- Task to complete: Beginning at the line that contains "图3:包含ETG从站堆栈的F28388D EtherCAT回送解决方案", reproduce the entries below exactly, ending with the line that contains "カラー麻縄4.5mmの多種の". Omit each picture.

- Given information:
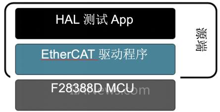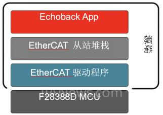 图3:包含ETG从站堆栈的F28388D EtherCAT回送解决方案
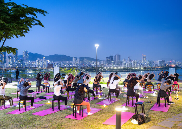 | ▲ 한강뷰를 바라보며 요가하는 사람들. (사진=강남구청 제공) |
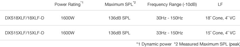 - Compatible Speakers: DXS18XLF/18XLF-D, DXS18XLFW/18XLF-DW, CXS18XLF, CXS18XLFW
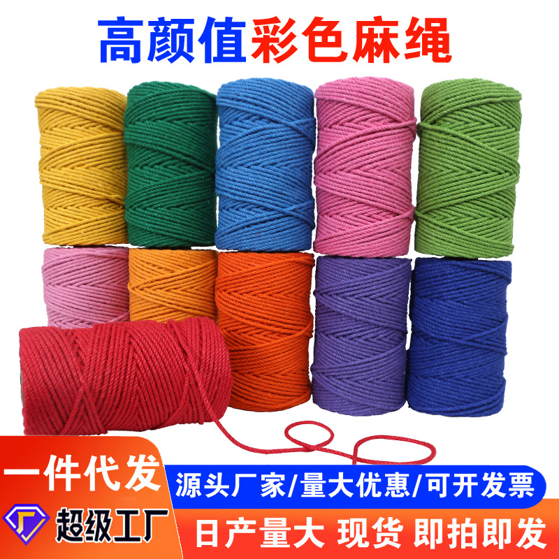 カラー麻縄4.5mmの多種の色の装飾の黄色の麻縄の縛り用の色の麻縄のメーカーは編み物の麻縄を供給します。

==

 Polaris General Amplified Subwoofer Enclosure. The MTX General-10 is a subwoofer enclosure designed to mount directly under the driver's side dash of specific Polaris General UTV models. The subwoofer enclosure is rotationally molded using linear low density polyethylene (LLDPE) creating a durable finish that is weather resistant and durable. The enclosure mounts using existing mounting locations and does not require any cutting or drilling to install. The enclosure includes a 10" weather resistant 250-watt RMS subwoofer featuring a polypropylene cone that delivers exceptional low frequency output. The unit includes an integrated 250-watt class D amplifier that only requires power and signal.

--

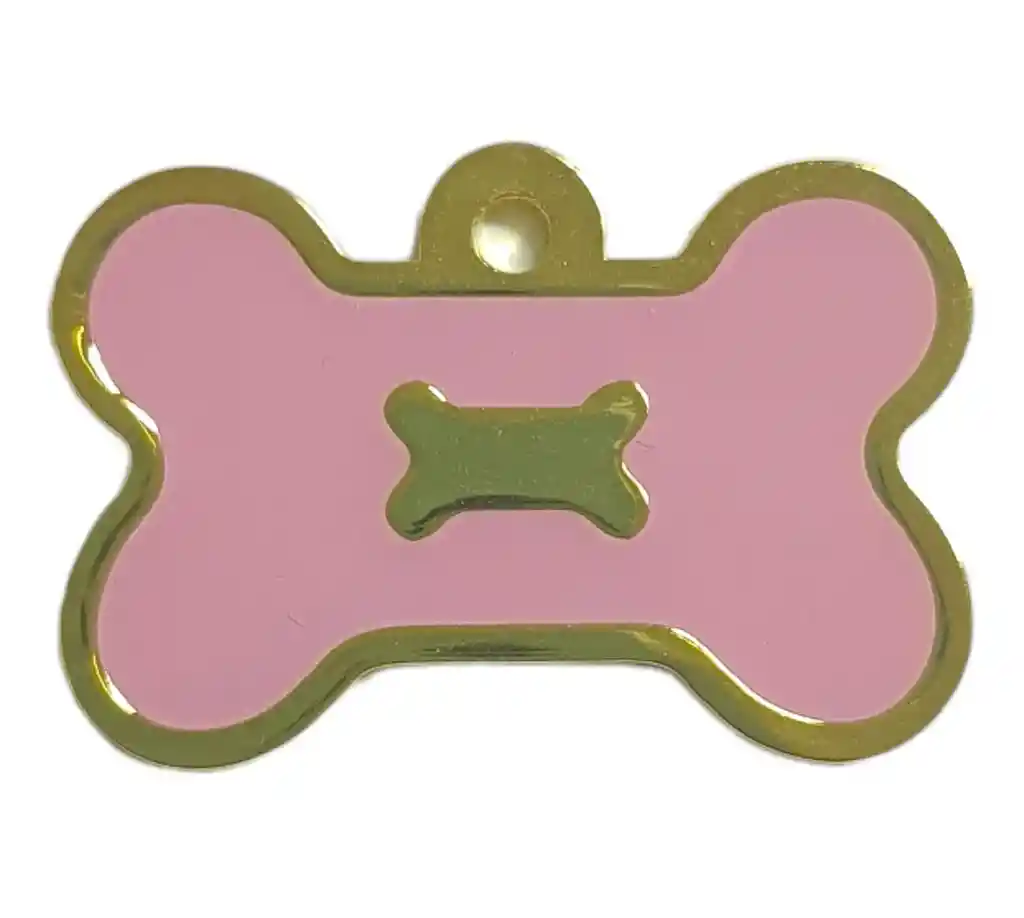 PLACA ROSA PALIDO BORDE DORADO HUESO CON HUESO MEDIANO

- Exercise response:
 图3:包含ETG从站堆栈的F28388D EtherCAT回送解决方案
 | ▲ 한강뷰를 바라보며 요가하는 사람들. (사진=강남구청 제공) |
 - Compatible Speakers: DXS18XLF/18XLF-D, DXS18XLFW/18XLF-DW, CXS18XLF, CXS18XLFW
 カラー麻縄4.5mmの多種の色の装飾の黄色の麻縄の縛り用の色の麻縄のメーカーは編み物の麻縄を供給します。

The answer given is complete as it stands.